Отданы швартовы. Забурлив винтами, «Послушный» легко выскакивает на середину бухты и, отбрасывая в стороны пенящиеся струи, движется к проливу Густав-Сверн. Свежий ветер бросает ему навстречу соленую водяную пыль, сметая ее с мелких беспокойных волн, разбежавшихся по рейду.

По обеим сторонам пролива подымаются высокие берега, увенчанные старинными фортификационными постройками. За ними видны крепостной собор и квадратные здания казарм. В глубине пролива на минуту наступает тишина. Не слышно ветра, и мимолетное чувство зависти к спокойно гуляющим на берегу солдатам стыдливо мелькает в сознании. Но задумываться некогда. «Послушный» делает последний поворот, и перед ним во всей своей широте раскрывается бушующее море. Он сразу падает носом точно в яму, и гребень волны обрушивается ему на бак.
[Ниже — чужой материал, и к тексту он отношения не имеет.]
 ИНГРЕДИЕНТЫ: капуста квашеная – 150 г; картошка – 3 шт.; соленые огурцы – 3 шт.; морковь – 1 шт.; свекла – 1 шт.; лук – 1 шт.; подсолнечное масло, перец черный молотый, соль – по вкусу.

Клочья пены летят на мостик.

– Лишние вниз! – приказывает командир.

Палуба пустеет. Только из полуоткрытого машинного люка видна голова инженер-механика Миши Порывкина, скептическим взором оценивающего состояние моря.

Миноносец вдруг боком наискось поднялся на волну и в следующую минуту повалился на противоположный борт, зачертив палубой по воде. Волна хлынула в машинный люк. Голова инженер-механика исчезла, и крышка плотно захлопнулась над ней.
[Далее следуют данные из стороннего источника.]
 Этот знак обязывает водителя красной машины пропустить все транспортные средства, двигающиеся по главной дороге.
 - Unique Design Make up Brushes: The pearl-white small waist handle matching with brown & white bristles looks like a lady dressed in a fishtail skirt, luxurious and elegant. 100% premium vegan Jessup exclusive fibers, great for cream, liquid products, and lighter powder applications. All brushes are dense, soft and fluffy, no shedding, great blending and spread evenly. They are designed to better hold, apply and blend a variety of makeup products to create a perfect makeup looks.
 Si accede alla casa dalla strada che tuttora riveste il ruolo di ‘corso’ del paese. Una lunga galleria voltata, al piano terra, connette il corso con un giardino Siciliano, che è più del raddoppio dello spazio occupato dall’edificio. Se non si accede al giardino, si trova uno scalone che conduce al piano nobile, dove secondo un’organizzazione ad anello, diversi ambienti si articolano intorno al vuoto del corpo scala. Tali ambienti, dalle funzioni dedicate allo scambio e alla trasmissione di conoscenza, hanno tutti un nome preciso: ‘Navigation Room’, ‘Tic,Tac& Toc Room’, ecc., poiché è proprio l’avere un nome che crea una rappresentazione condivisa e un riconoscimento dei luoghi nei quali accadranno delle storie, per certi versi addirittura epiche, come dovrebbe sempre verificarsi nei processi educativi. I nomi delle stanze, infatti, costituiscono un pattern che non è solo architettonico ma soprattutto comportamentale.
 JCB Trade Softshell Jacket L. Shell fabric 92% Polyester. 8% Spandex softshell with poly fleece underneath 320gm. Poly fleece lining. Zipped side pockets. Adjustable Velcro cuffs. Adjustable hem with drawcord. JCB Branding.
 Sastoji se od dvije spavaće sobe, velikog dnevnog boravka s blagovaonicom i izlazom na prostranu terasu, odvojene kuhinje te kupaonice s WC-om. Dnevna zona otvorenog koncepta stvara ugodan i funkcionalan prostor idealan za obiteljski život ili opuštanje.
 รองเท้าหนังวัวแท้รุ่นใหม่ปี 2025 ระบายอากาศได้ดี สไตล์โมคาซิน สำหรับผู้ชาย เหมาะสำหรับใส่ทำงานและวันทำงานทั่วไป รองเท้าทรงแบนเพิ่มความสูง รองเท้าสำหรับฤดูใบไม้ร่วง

Вахтенный начальник, мичман, крепко вцепившись в поручни на мостике, старался бестрепетно смотреть вперед и все оглядывался на командира, пример которого должен был служить ему руководством.

Командир, незадолго перед тем прибывший из академии, казался мичману салонным моряком, теоретиком. В нем не было решительно ничего, напоминающего морского волка. Штормовой переход был своего рода экзаменом для нового командира. Вахтенный начальник с любопытством, украдкой, взглядывал на него. Из машинного люка на него же повернута была голова инженер-механика Миши. Рулевой старшина и боцман с тем же любопытством поглядывали на него через иллюминатор носового кубрика.

Командир стоял посредине мостика, крепко ухватившись за тумбу машинного телеграфа. Рядом с ним рулевой сердито вертел штурвал, с трудом удерживая миноносец на данном курсе. Волна сбивала миноносец. Он шел зигзагами, рыская в стороны и поминутно зарываясь носом в воду по самую носовую пушку, которая, бороздя поверхность волн, взметала снопы брызг и пены, летевшие на мостик и мешавшие смотреть вперед.

От холодного ветра, завывавшего в снастях, стыли руки и лицо. От размахов качки, казалось, все небо стремительно перемещалось из стороны в сторону. Растянутый бег волн, мутно-зеленых, покрытых пеною, как сетью, утомлял зрение и отуплял слух. Как во сне, донеслись до мичмана слова командира:

– Ищите Эранс-Грунд. Надо исправить курс. Нас сильно сдрейфовало.

Командир был бледен и озабочен. Он приложил к глазам бинокль, но сейчас же соленые брызги растеклись по стеклам, и командир опустил руку.

Вахтенный начальник, напрягая зрение, обвел глазами горизонт. Справа от курса над гребнями волн видны были две тоненькие мачты, увенчанные красными плетеными шарами. Это был плавучий маяк Эранс-Грунд. Мичман указал на него командиру.

– Держи на плавучку, – приказал командир рулевому. Рулевой с облегчением поднял глаза от компаса, взволнованного качкой, и вцепился взором в плавучий маяк, силуэт которого стал медленно расти. Около него был виден белый контур пассажирского парохода, делавшего очередной рейс из Гельсингфорса в Ревель. Видно было, как он с трудом боролся против волны и почти не сдвигался с места.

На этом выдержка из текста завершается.